W krótkim okresie czynniki po stronie podażowej mogą nieco wzmocnić zmianę tendencji cenowej na rynku nieruchomości. W szczególności chodzi o (1) wysoką liczbę rozpoczętych projektów mieszkaniowych (z dominacją mieszkań przewidywanych do przekazania do użytku w latach 2021-2022) w zestawieniu z osłabionym popytem, przy powszechnym modelu finansowania się deweloperów zobowiązaniami wobec klientów i kontrahentów oraz (2) stałą poprawę sytuacji mieszkaniowej dzięki dużej podaży mieszkań, zwłaszcza w ostatnich latach, i szybki wzrost zasobu mieszkań na wynajem.


Dotychczas korekta cen jest mniejsza niż można było oczekiwać w pierwszych miesiącach epidemii – jest to konsekwencja bardzo dużej skali działań antykryzysowych i związanego z tym umiarkowanego wzrostu bezrobocia, istotna jest też duża elastyczność deweloperów. Niemniej pełna reakcja rynku mieszkaniowego zawsze uwidacznia się z opóźnieniem. Naturalny okres transakcji to kilka miesięcy, czas decyzji klienta bywa jeszcze dłuższy, podobnie jak okres realizacji projektów mieszkaniowych.


Kluczowym czynnikiem ograniczającym spadek cen mieszkań są realnie ujemne stopy procentowe depozytów, co sprzyja przepływowi środków z depozytów (oprocentowanie nominalne zbliżone do zera, realnie ujemne) w stronę innych klas aktywów, w tym nieruchomości.

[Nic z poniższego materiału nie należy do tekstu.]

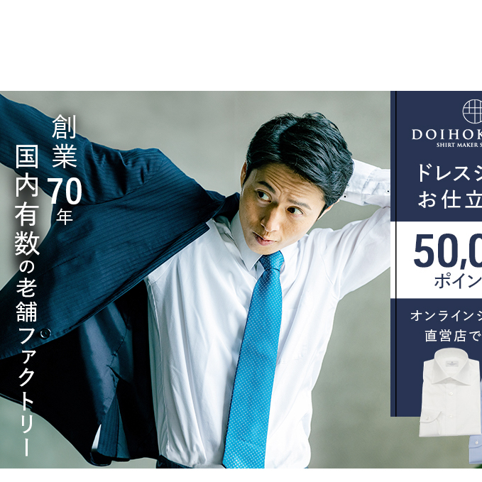 シャツ オーダー ドレスシャツ 土井縫工所 オンラインショップ、直営店で使えるクーポン 50,000ポイント分 ワイシャツ メンズ ビジネス 日本製 オーダーメイド ファッション 服 男性 チケット

W dłuższym okresie zatrzymanie negatywnych tendencji będzie wynikiem dostosowań podażowych. Konsekwencją wyhamowania sprzedaży mieszkań w 2q20 był spadek liczby rozpoczętych mieszkań (ogółem: -23% r/r; deweloperskich: -35% r/r) i pozwoleń na budowę (ogółem: -12% r/r; deweloperskich: -13% r/r).


Do ograniczenia spadku cen może przyczynić się także dobra sytuacja deweloperów przed lockdownem, którzy utrzymają płynność finansową poprzez obniżenie marż czy pozyskanie finansowania zewnętrznego (fundusze inwestycyjne), jak i ograniczą liczbę rozpoczynanych projektów oraz mieszkań w ramach projektu.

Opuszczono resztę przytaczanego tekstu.